Dla zespołu z Warszawy walka o siódme miejsce była w pewnym sensie „nagrodą pocieszenia”. Przez drugą część rundy zasadniczej warszawianie byli pretendentami do walki w czołowej szóstce, w której prawo gry stracili różnicą jednego punktu. Warszawianie po fazie zasadniczej zajęli siódme miejsce, ale nie zdołali go obronić. „Porażka w walce o siódme miejsce i o play-offy jest nie do porównania. Dzisiejszy mecz był pożegnalny i chodziło tylko o to. Dla mnie największa porażka to przegranie rywalizacji o wejście do szóstki. Ten pierwszy set i kilka punktów na pewno było do ugrania i to najbardziej nas wszystkich zabolało. Dzisiejsze spotkanie tak naprawdę było o nic, ale szkoda, że przegraliśmy, bo chcieliśmy pożegnać Samika” – wyjaśnił przyjmujący warszawskiej drużyny.

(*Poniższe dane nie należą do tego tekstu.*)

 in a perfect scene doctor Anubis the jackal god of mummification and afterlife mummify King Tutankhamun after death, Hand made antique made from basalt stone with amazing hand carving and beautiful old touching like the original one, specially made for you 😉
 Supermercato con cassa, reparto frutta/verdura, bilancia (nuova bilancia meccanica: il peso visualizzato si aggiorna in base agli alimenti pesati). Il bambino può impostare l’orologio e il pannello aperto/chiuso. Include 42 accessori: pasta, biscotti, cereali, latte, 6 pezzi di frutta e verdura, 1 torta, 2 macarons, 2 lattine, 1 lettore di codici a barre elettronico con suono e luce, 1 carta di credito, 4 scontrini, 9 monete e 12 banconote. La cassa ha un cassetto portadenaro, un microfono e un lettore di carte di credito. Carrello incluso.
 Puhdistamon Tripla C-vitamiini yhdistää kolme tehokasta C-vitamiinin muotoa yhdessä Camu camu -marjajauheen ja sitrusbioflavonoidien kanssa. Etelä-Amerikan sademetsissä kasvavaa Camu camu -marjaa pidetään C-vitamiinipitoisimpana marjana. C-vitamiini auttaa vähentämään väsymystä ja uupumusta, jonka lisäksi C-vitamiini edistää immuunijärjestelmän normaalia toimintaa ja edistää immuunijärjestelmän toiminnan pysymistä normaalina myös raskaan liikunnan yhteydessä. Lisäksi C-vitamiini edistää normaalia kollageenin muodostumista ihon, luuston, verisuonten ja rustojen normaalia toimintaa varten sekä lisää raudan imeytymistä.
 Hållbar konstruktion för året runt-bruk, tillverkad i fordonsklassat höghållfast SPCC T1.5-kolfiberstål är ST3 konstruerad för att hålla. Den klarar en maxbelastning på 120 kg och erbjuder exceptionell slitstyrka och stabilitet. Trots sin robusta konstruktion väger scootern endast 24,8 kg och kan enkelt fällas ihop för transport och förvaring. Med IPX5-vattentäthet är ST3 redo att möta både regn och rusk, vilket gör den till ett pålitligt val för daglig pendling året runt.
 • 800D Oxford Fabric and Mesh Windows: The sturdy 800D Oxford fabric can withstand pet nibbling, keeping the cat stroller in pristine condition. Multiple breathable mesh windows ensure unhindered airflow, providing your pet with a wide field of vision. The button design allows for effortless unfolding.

Chociaż aspiracje były dużo wyższe, zespół z Warszawy może mówić o pewnym sukcesie pod względem marketingowym. Do sportowego trochę zabrakło, ale według Bartosza Kwolka jego drużyna dała z siebie wszystko i walczyła do samego końca, chociaż nie brakowało w niej problemów. ONICO Warszawa przez sporą część rozgrywek zmagała się z kontuzjami zawodników i nie mogła wystawić najmocniejszego składu. „Sezon mogę ocenić pozytywnie jeśli chodzi o sport i organizację. Wiem, że klub bardzo dobrze prosperuje jeśli chodzi o organizację, więc to na pewno duży plus. Myślę, że sportowo daliśmy z siebie maksimum i szkoda, że nie weszliśmy do „szóstki”. To by było takie zwieńczenie, truskawka na torcie. Szkoda, że nie awansowaliśmy, ale myślę, że i tak ciąg zwycięstw, jaki mieliśmy, na pewno jest na plus i uważam, że za rok będzie lepiej”.

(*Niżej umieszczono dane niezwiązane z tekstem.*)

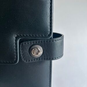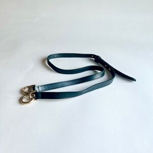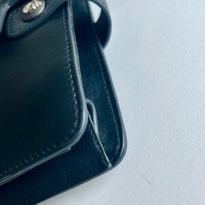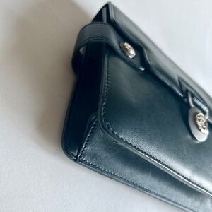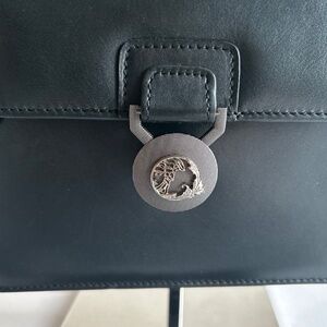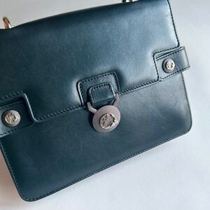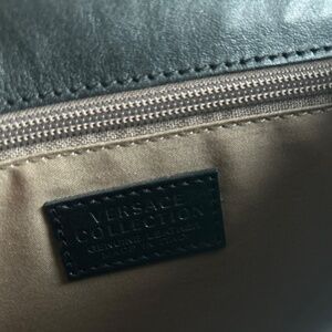 Versace Collecting Navy Genuine Leather Gold Chain Handbag Shoulder Bag. 9.2”W x 7.2”H x 2”D, gold metal chain handle drop 13”, adjustable shoulder strap 34”-37”, silver metal logos, magnetic snap closure, two pockets inside. In great condition, gently worn a few times. The metal of snap has scuffing and the leather has a small scuffing but no visible.
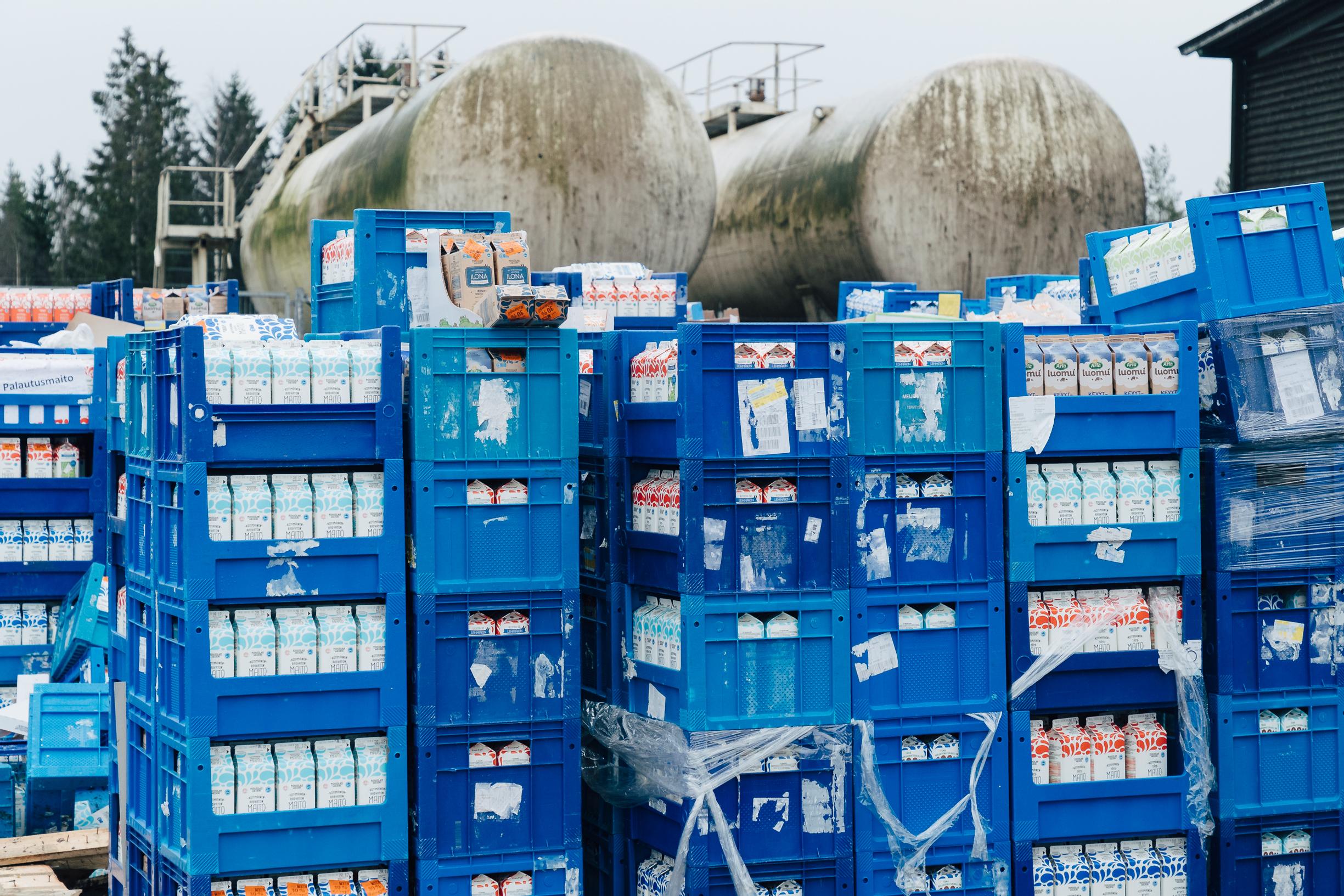 Käsittelyhallin edessä on läjittäin myymättä jääneitä maitotölkkejä.

Problemy miały swój udział w porażkach
Sezon zdecydowanie nie oszczędzał warszawian, co też w dużej mierze przyczyniało się do takich, a nie innych rezultatów, ponieważ w pewnym momencie trudno było skompletować wyjściową szóstkę ze zdrowych graczy. „W tym roku mieliśmy trochę nieszczęścia. Ja złapałem kontuzję, że tak powiem pozasportową. Nie zdarzyło się to ani na treningu, ani podczas meczu, trochę taka nieszczęśliwa sytuacja. Mały (Damian Wojtaszek – przyp.red.) potem też złapał uraz, co wykluczyło nas z trzech, czterech meczów i to zaważyło na tych punktach zgubionych gdzieś po drodze, mogliśmy zapewnić sobie szóstkę dużo wcześniej, ale nie udało się” – dodał Kwolek. Należy pamiętać jednak, że ONICO Warszawa to nowa drużyna, która przed rokiem przeszła przebudowę i w tym sezonie praktycznie wszystko dopiero zaczęło się tworzyć. Na zakończenie przyjmujący podkreślił, że zespół cały czas nabiera doświadczenia. Teraz przed zawodnikami chwila przerwy, czas na wyciągnięcie wniosków, a te mają zaprocentować w kolejnym sezonie PlusLigi.